LAHORE    -   All Pakistan Cement Dealers Association continued strike on Thursday to protest against high taxes and FBR restrictions of documentation of sales, cutting down supply in parts of the country.

Business community feared halt in construction activities if the strike prolonged. At the same time, the prevailing scenario would lead to huge loss of revenue to the government.

Dealers Association and manufacturers will hold talks on Friday (today) to resolve the issue. The Association had held separate meetings with the manufacturers and Minister for Industry and Trade on last Tuesday which remained inconclusive. Office bearers of the association said that there were hopes of resolution of the issue in meeting with the manufacturers on Friday.

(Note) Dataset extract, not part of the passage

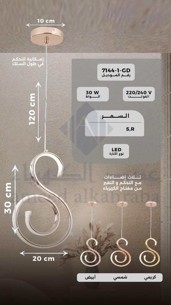 يمنحك عميد الكهرباء ثريا علاقي LED - ذهبي، شكل S حلزوني، طول السلك 120 سم، لمبات LED (30 واط) بتصميم عصري وأنيق. هذه الثريا تجمع بين الأناقة والعملية، مما يجعلها الخيار الأمثل لإضفاء جو من الفخامة على ديكور منزلك.
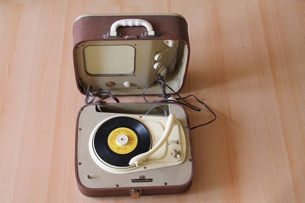 Einen voll Funktionstüchtigen “Perpetuum Ebener” Kofferschallplattenspieler aus den 50´s mit 4.Geschwindigkeiten 16,33,45 und 78.

According to estimates, the government is losing revenues of Rs350 to Rs400 million daily due to the cement crisis. The strike has gravely cut down the cement supply resulting in worst scenario for the sector as total daily dispatches slashed from 150,000 tonnes to 40,000 tonnes.

The industry has already been marred with issues like gas price hike, axle load limitations, smuggling of Iranian cement, increase in FED etc.

“Now the conditions imposed by FBR on distributors is further deteriorating the situation as the cement dealers and distributors have refused to pick up cement sacks from the factories,” the sources added.

Cement industry contributed Rs110 bn to national exchequer in last fiscal but this would considerably decrease due to economic condition which has severely dented the cement sales.